| Summary | National Percentile | Rank vs Metro |
|---|---|---|
| Housing | 69th | Good |
| Demographics | 68th | Best |
| Amenities | 45th | Fair |
Multifamily Valuation
| Property Details | |
|---|---|
| Address | 2500 NW 9th Ave, Wilton Manors, FL, 33311, US |
| Region / Metro | Wilton Manors |
| Year of Construction | 1972 |
| Units | 22 |
| Transaction Date | 2013-11-21 |
| Transaction Price | $2,841,800 |
| Buyer | PIRITA INVESTMENT & DEVELOPMENT FUND LLC |
| Seller | MANORS 40 LLC |
2500 NW 9th Ave Wilton Manors 22-Unit Value-Add
Elevated ownership costs in the neighborhood support durable rental demand, and, according to WDSuite’s CRE market data, fundamentals point to stable occupancy with room for operational upside.
Wilton Manors sits within the Fort Lauderdale-Pompano Beach-Sunrise metro and scores a B+ neighborhood rating, placing it above the metro median (rank 128 of 345).
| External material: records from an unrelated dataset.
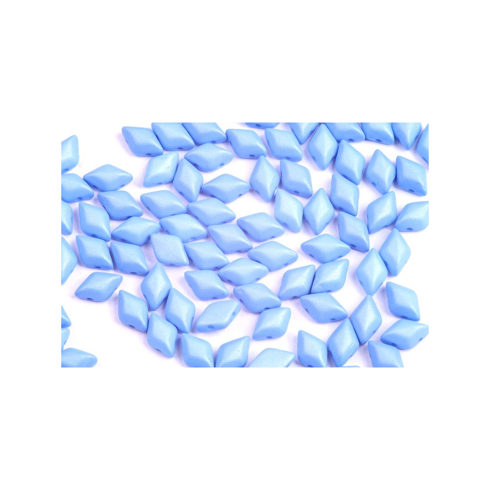 Design šperku můžete postavit na kontrastu nebo harmonii, přičemž tato jemná modrá krásně ladí s odstíny jako akvamarín nebo čistý krystal. Pro odvážnější projekty zkuste kombinovat Matubo GemDuo s populárními Matubo SuperDuo v hvězdicových vzorech, kde kosočtverce vytvoří dominantní středový motiv. Pokud hledáte výrazný kontrast, doplňte modrou barvu o sytý oranžový hyacint.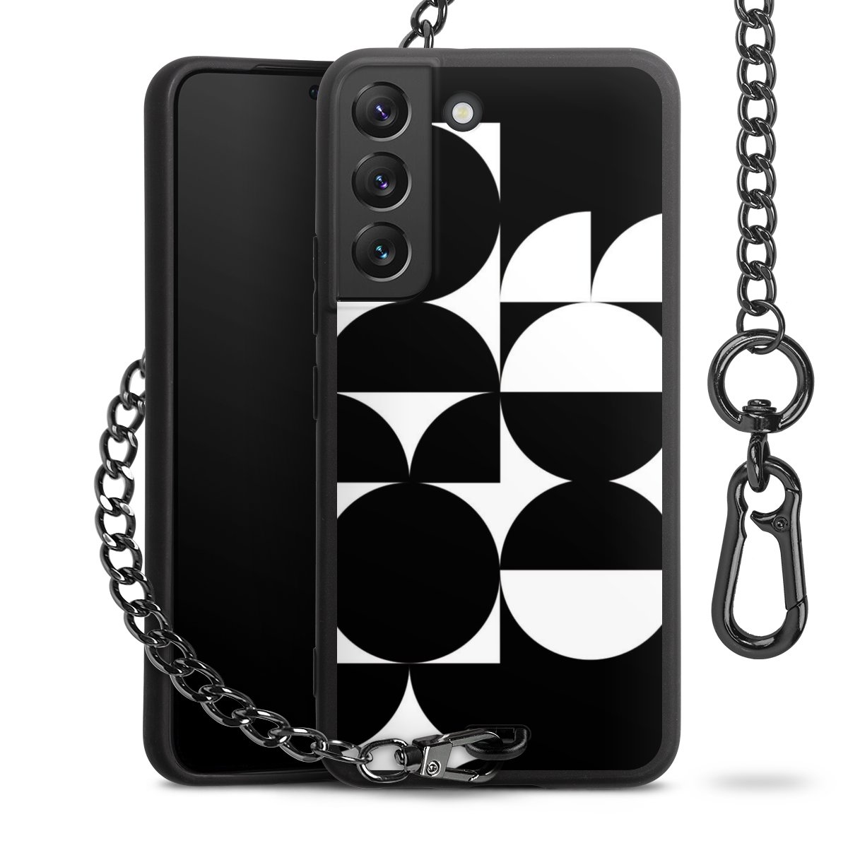 - Mattschwarze Handyhülle mit Metallkette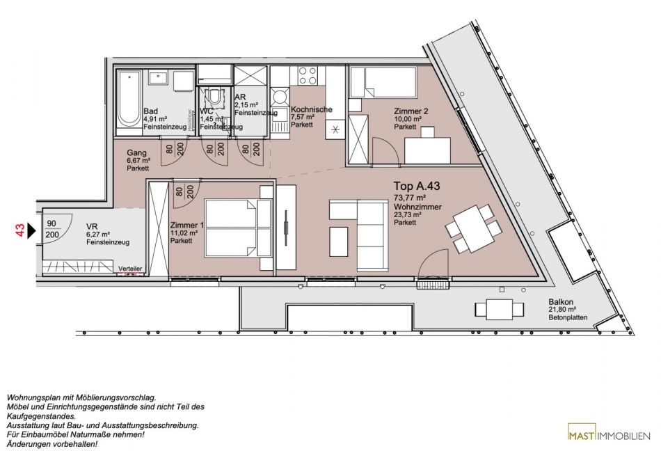 Die Wohnung befindet sich im 7. Liftstock und verfügt über 73,77 m² Wohnfläche + einen 21,80 m² großen Balkon.
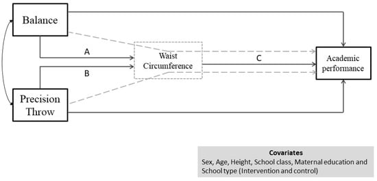 - Lima, R.A.; Larsen, L.R.; Bugge, A.; Andersen, L.B. Physical fitness is longitudinally associated with academic performance during childhood and adolescence, and waist circumference mediated the relationship. Pediatr. Exerc. Sci. 2018, 30, 317–325. [Google Scholar] [CrossRef] [PubMed]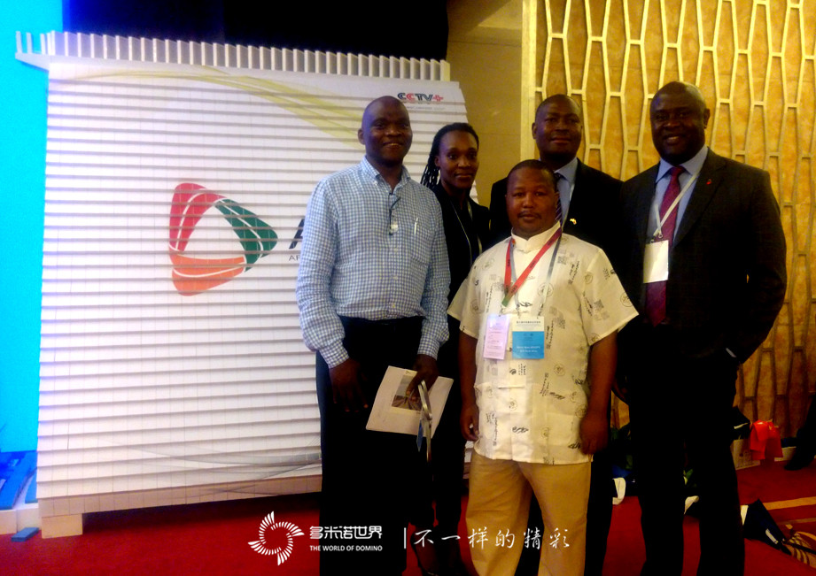 論壇期間,中非雙方達(dá)成了15項(xiàng)媒體合作成果,現(xiàn)場(chǎng)見(jiàn)證了其中11項(xiàng)協(xié)議的簽署,而中央電視臺(tái)與非洲各國(guó)媒體共同組建的“非洲視頻媒體聯(lián)盟”多米諾啟動(dòng)儀式,成為了會(huì)場(chǎng)的最亮點(diǎn)。為保證活動(dòng)效果,主辦方特別邀請(qǐng)多米諾世界團(tuán)隊(duì)設(shè)計(jì)搭建立體多米諾骨牌陣,當(dāng)幾位嘉賓共同將啟動(dòng)板插入啟動(dòng)臺(tái),骨牌啟動(dòng)、飛奔向前,揭開(kāi)了“非洲視頻媒體聯(lián)盟”的神秘面紗,聯(lián)盟LOGO瞬間展現(xiàn)在大家面前,現(xiàn)場(chǎng)掌聲雷動(dòng),眾多嘉賓來(lái)到立體骨牌陣前合影留念。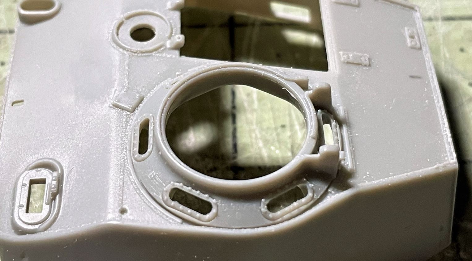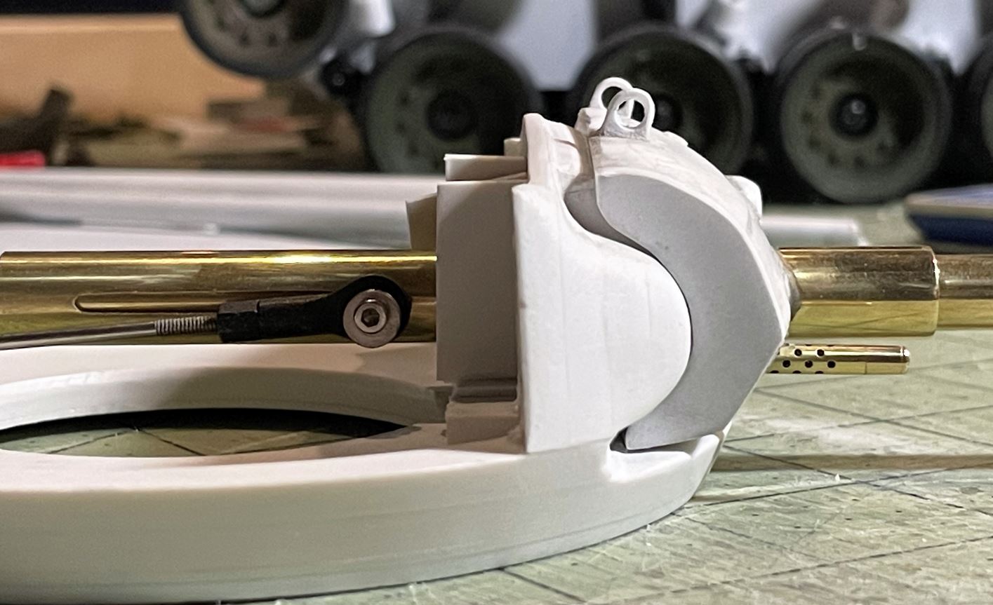 Then two hours later, the mantlet is in it definitive overall shape and ready for detailing. Test fitting with the turret mount show degrees of gun elevation consistent with the one seen on the 1/35 kit, not great but good.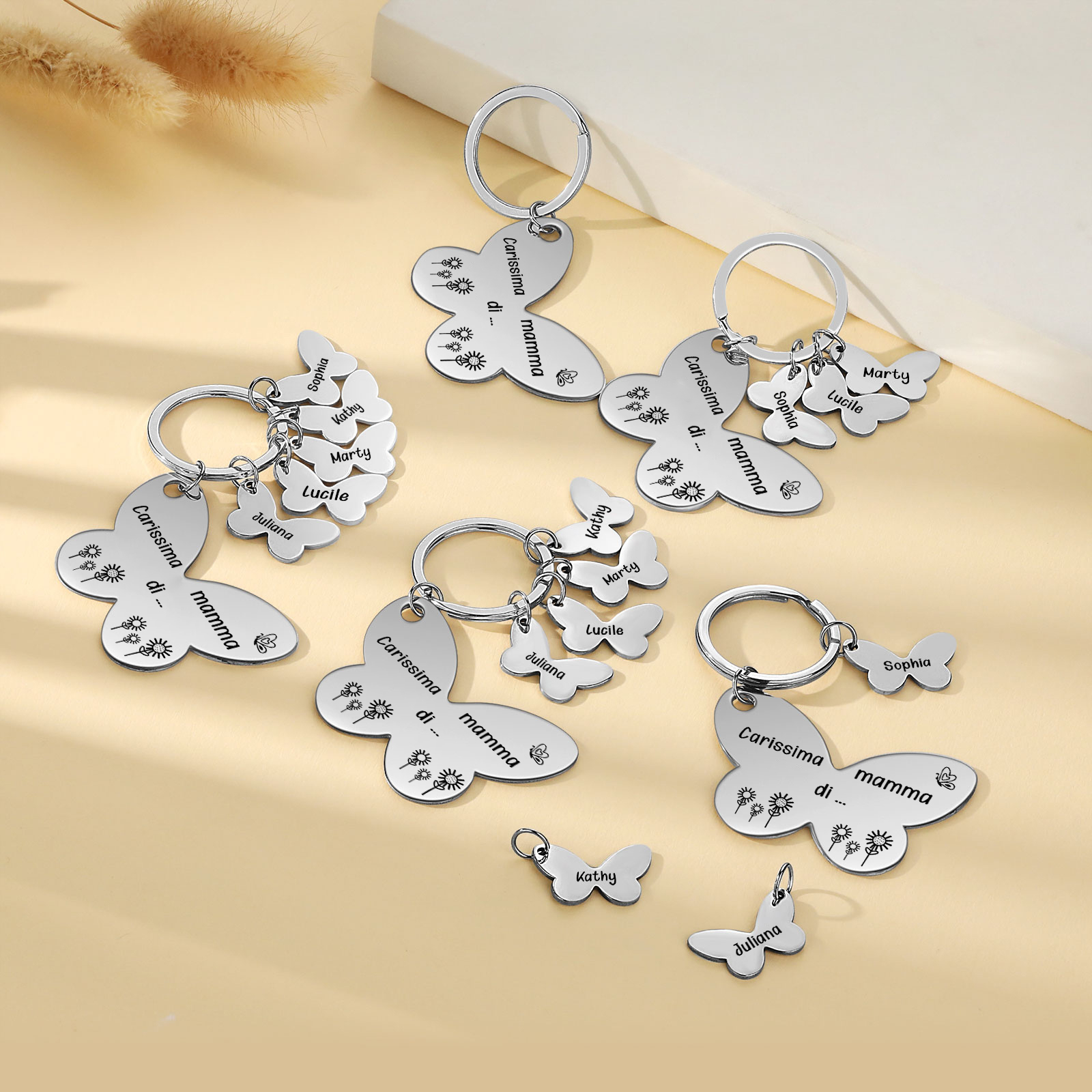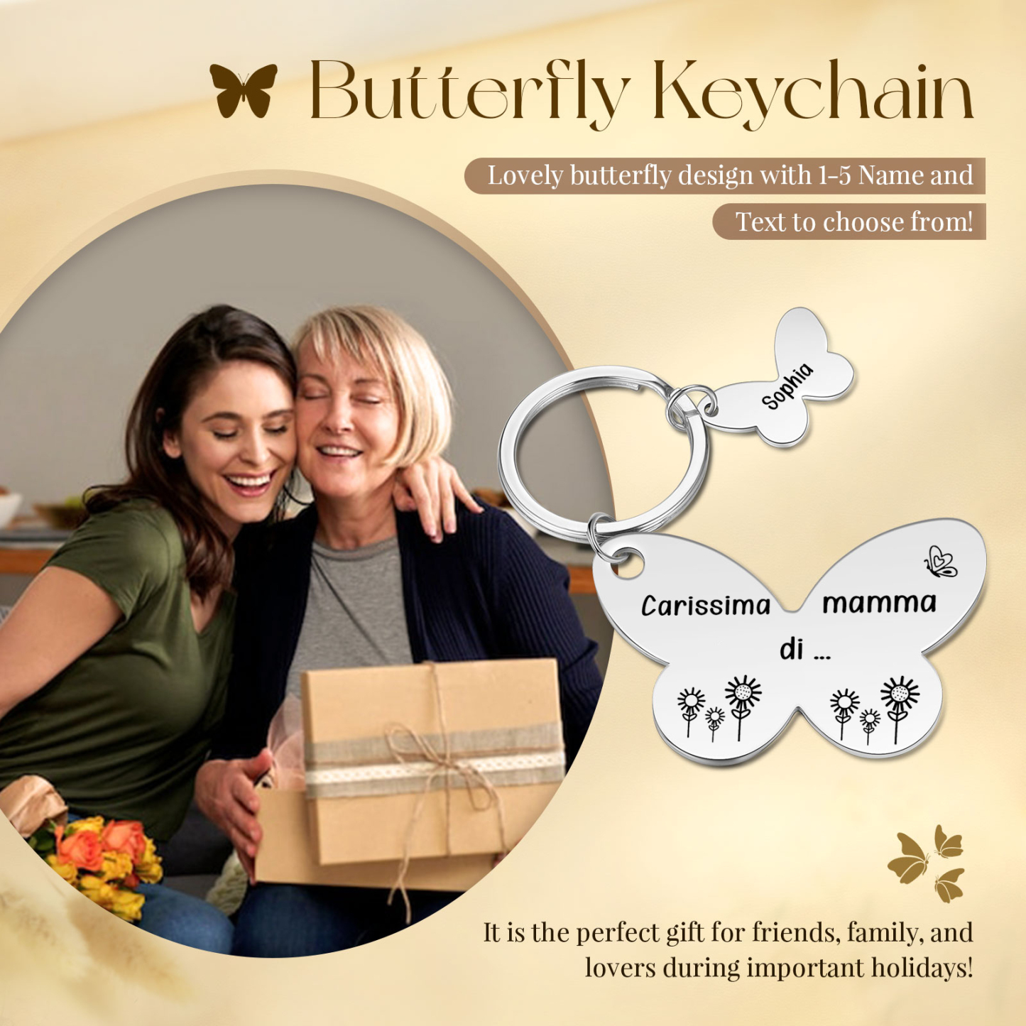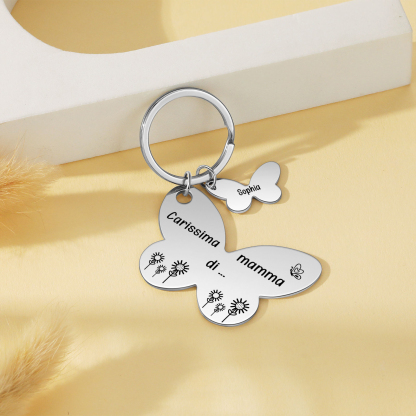 Carissima mamma di-Portachiavi con ciondolo di farfalla e fiori con 1 testo e 1 nome personalizzati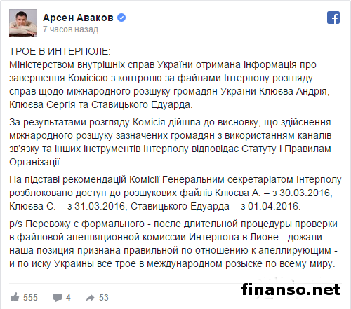 Как сообщил в своем аккаунте в соцсети Facebook председатель Министерства внутренних дел Арсен Аваков, к такому выводу пришла Комиссия по контролю за файлами Интерпола. Корреспонденты «Украина сегодня: Finanso.net» выяснили, что в сообщении главы МВД Украины говорится: «Информация о завершении Комиссии по контролю за файлами Интерпола рассмотрения дел относительно международного розыска украинских граждан Эдуарда Ставицкого, Андрея и Сергея Клюевых поступила в Министерство внутренних дел Украины. Комиссия по результатам рассмотрения пришла к выводу, что осуществление международного розыска вышеуказанных лиц с использованием каналов связи и других инструментов Интерпола соответствует Правилам Организации и ее Уставу». В сообщении Арсена Авакова подчеркивается, что после такого решения Комиссии, доступ к розыскным файлам Эдуарда Ставицкого был разблокирован с 1 марта 2016 года, Андрея Клюева с 30 марта текущего года, а его брата Сергея – с 31 марта 2016-го. Дела «регионалов».Напомним, ранее издание уже сообщало, что одно из уголовных дел в отношении бывшего лидера Партии регионов Александра Ефремова было закрыто сотрудниками ГПУ. По словам советника министра внутренних дел Арсена Авакова Зоряна Шкиряка, Генеральная прокуратура Украины «закрыла дело» и даже вернула Александру Ефремову залог. В свою очередь, прокурор Генеральной прокуратуры Украины Владислав Куценко прокомментировал этот случай таким образом, что в отношении бывшего главы ПР А. Ефремова было закрыто всего лишь одно уголовное дело, связанное с «разжиганием национальной ненависти». Также ранее издание «Украина сегодня: Finanso.net» сообщало, что суд отменил розыск бывшего народного депутата от Партии регионов Юрия Иванющенко, который в стране хорошо известен как Юрий Енакиевский. Сообщалось, что такое решение принял одиозный судья Днестровского района суда Киева Николай Чаус. Он же отменил и санкцию на доставку экс-депутата Партии регионов под стражей для избрания меры пресечения. |

For investors, the immediate takeaway is a renter-demand story supported by a high-cost ownership landscape and steady household incomes, while day-to-day livability hinges more on groceries and restaurants than on parks or cafes.
Amenity access is mixed: grocery density is competitive among Fort Lauderdale-Pompano Beach-Sunrise neighborhoods (rank 36 of 345) and in the top quartile nationally, while restaurant options also rate well (rank 109 of 345; above national median). By contrast, parks and cafes are sparse locally (both ranked 345 of 345), suggesting residents rely on nearby districts for certain lifestyle amenities. Lease-up and retention strategies should lean on convenience to daily needs rather than green space.
Home values in the neighborhood are elevated (nationally high percentile), and the value-to-income ratio ranks near the top of U.S. neighborhoods, which generally reinforces reliance on rental housing and supports pricing power when paired with effective lease management. Rent-to-income appears relatively manageable versus national norms, which can aid renewal velocity and reduce turnover risk. Neighborhood occupancy is around the metro midpoint, indicating room to capture performance through asset-level operations rather than market tailwinds alone.
Demographics within a 3-mile radius show population and household growth over the last five years with further expansion projected by 2028, pointing to a larger tenant base and continued depth for multifamily demand. Renter-occupied housing constitutes a meaningful share of units in this 3-mile area, supporting a stable leasing funnel for a 22-unit asset. The property’s 1972 vintage is slightly older than the neighborhood average year built, highlighting potential value-add via interior updates and systems modernization to compete effectively against newer stock.

Safety indicators are mixed. Relative to the metro, the neighborhood’s crime position sits below the median (rank 207 of 345), and compared with neighborhoods nationwide it trends below the national median for safety (around the 38th percentile). Recent data also show a modest year-over-year increase in violent offenses and a larger uptick in property incidents. For underwriting, this argues for routine security measures and attention to lighting, access control, and resident communications, while recognizing that safety performance varies by block and over time.
Nearby employers span corporate headquarters and regional offices that support a broad workforce tenant base and convenient commutes, including AutoNation, Tenet Healthcare, Office Depot, Johnson & Johnson, and Mosaic.
- AutoNation — automotive retail (2.7 miles) — HQ
- Tenet Healthcare Corporation, Florida Region — healthcare services (12.7 miles)
- Office Depot — office supplies (17.0 miles) — HQ
- Johnson & Johnson — pharmaceuticals (19.7 miles)
- Mosaic — fertilizers (24.0 miles)
This 22-unit, 1972-built property offers a value-add angle in a neighborhood where high ownership costs sustain multifamily demand and renter concentration provides a reliable leasing pipeline. Neighborhood occupancy trends are roughly mid-pack for the metro, so outsized results will likely come from property-level execution: targeted renovations, amenity positioning around daily convenience, and disciplined lease management.
According to CRE market data from WDSuite, grocery and restaurant access is strong relative to peers, while limited parks and cafes suggest a focus on in-unit finishes and practical amenities to win renewals. Within a 3-mile radius, population and household growth—with rising incomes and a sizable renter-occupied share—support ongoing absorption and rent durability, while a high-cost ownership market reinforces renter reliance on multifamily housing.
- Elevated home values and value-to-income ratios bolster rental demand and pricing power when managed carefully.
- 3-mile demographics indicate population and household growth, expanding the tenant base and supporting occupancy stability.
- 1972 vintage creates a clear value-add path via interior upgrades and systems modernization to improve competitiveness.
- Strong access to groceries and restaurants supports livability; lean into convenience-forward amenities and operations.
- Risks: safety metrics track below the national median and occupancy is mid-metro; plan for security, targeted capex, and disciplined leasing.